Gasparino's picture of how top research analysts and their investment bank bosses preyed on unsuspecting individual investors -- only later to become fodder themselves for regulators and class-action lawyers -- is both the most detailed and the most damning so far. This is hardly the first account of how analysts became willing shills for investment bankers during the stock market boom of the late '90s. And there are shortcomings: It's occasionally hard to tell where the author's assertions come from, and his sometimes squalid chronicle tends to wander. But because of Gasparino's deep knowledge of the players, a result of his reporting at The Wall Street Journal, Blood on the Street is a key account of an era of pervasive greed and hubris.

The book's first half focuses on Grubman, Meeker, and Blodget. But Grubman, barred from the securities industry in 2003, steals the show. What differentiates him from the other two, even though Blodget was also barred, is that his research was "hype [that] surpassed anything Wall Street had ever seen," Gasparino writes. The author sprinkles details of Grubman's acts throughout the book -- how the analyst carried on a sexually explicit e-mail relationship with a money manager; how he walked around the hotel lobby at an AT&T (T ) conference in his underwear; and how he made "obscene noises" when AT&T's then-CEO, C. Michael Armstrong, spoke during analyst meetings.

Gasparino is equally critical of Grubman's boss, Citigroup Chairman Sanford I. "Sandy" Weill. Relying primarily on e-mails produced by New York Attorney General Eliot Spitzer's investigations, Gasparino describes how Grubman went from being a thorn in Weill's side to being an employee so highly valued that Weill donated $1 million of Citigroup's money to help get Grubman's children into Manhattan's exclusive 92nd Street Y preschool. Why? Gasparino alleges that Weill needed Grubman to raise his rating of AT&T's stock. In exchange, Weill got Armstrong, then on the Citigroup board, to vote for the ouster of the financial behemoth's co-CEO, John Reed. Once Reed was out of the way, in 2000, Weill took control. But Gasparino fails to provide real evidence of these schemes. Through a spokesperson, Weill declined to comment.

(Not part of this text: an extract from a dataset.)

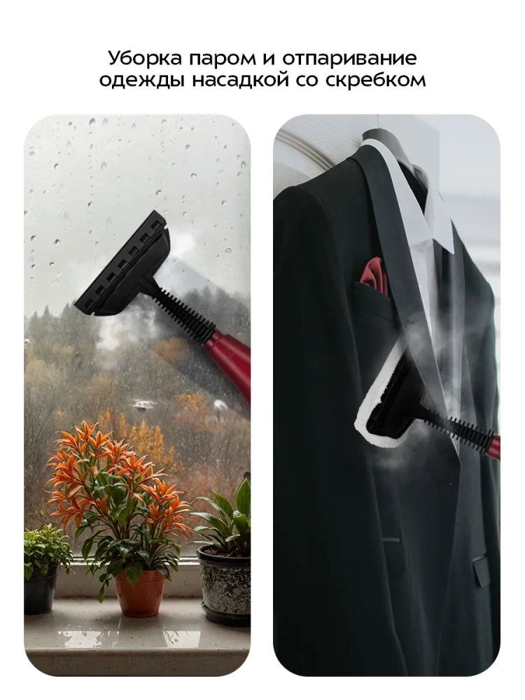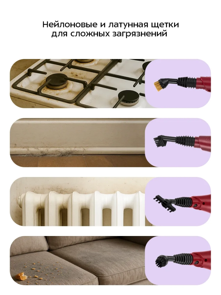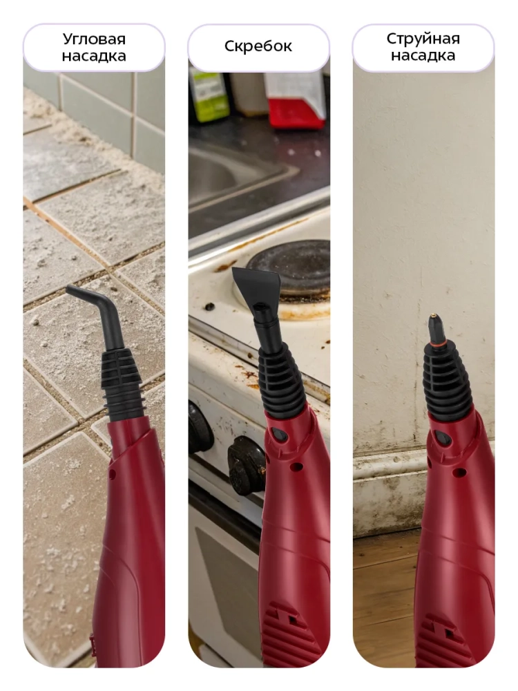 Конструкция «2 в 1» предусматривает использование ручного модуля паровой швабры с насадками без присоединения к нему удлинительной ручки. Большое количество насадок в комплекте поможет очистить труднодоступные или сильнозагрязненные поверхности. Струйная и угловая насадки используются для очистки щелей и углов. Скребок, латунная и нейлоновая щетки эффективно очищают сложные загрязнения с помощью механического воздействия. Для очистки окон, зеркал и кафельной плитки предусмотрена насадка со скребком. Вы можете надеть на насадку со скребком тряпку с ворсом для сбора сгоняемой скребком воды и впитывания загрязнений. Если на насадку со скребком установить тряпку для отпаривания, насадка может использоваться для отпаривания одежды и чистки обивки мягкой мебели. С помощью мерного стакана из комплекта удобно заполнять резервуар для воды. Спица для чистки предназначена для удаления загрязнений в паровом сопле ручного модуля и насадок.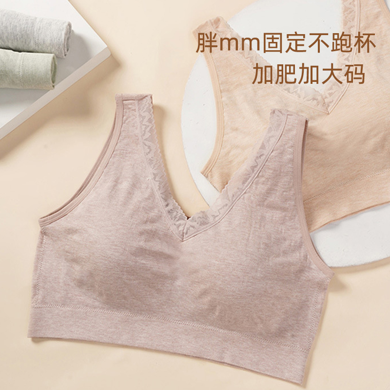 大码内衣女200斤胖mm大胸显小固定薄款无钢圈背心式无痕美背文胸

Like a relentless boxer, Gasparino takes jabs at regulators who let analysts and their bosses get away with duping investors. Former Securities & Exchange Commission Chairman Arthur Levitt Jr. is depicted as talking a lot about analyst misdeeds but never taking action. And though the account is generally favorable to Spitzer, Gasparino describes him as a publicity hound. An example: The author says Spitzer fined Merrill $100 million for issuing misleading Net research -- in large part because The Wall Street Journal Managing Editor Paul Steiger jokingly remarked that it would take a fine that size to justify a front-page story. Steiger confirms the conversation. A spokesman says Spitzer disagrees with the characterization of the meeting and insists there was no connection between the fine and the alleged conversation.

Along the way, Gasparino shows sympathy for former New York Stock Exchange Chairman Richard A. Grasso's dramatic rise and fall. And former SEC Chairman Harvey L. Pitt appears to be the agency's most effective regulator, canned in part because he failed to see the political value of publicity, instead of trying to settle matters quietly.

Alas, despite its hard-nosed reporting and many on-the-mark criticisms, Blood on the Street lacks a sustained narrative thread. It also fails to offer a final judgment on Wall Street analysis. After all the reforms, is today's research reliable? "Only time will tell," Gasparino concludes.

Still there probably won't be a better book about these events. Notes Gasparino: "This is a story where there are few heroes, and even fewer people willing to provide an honest account of what went wrong." Blood on the Street will take most readers as close to the action as they are likely to get -- and few will come away comfortable with what they learn.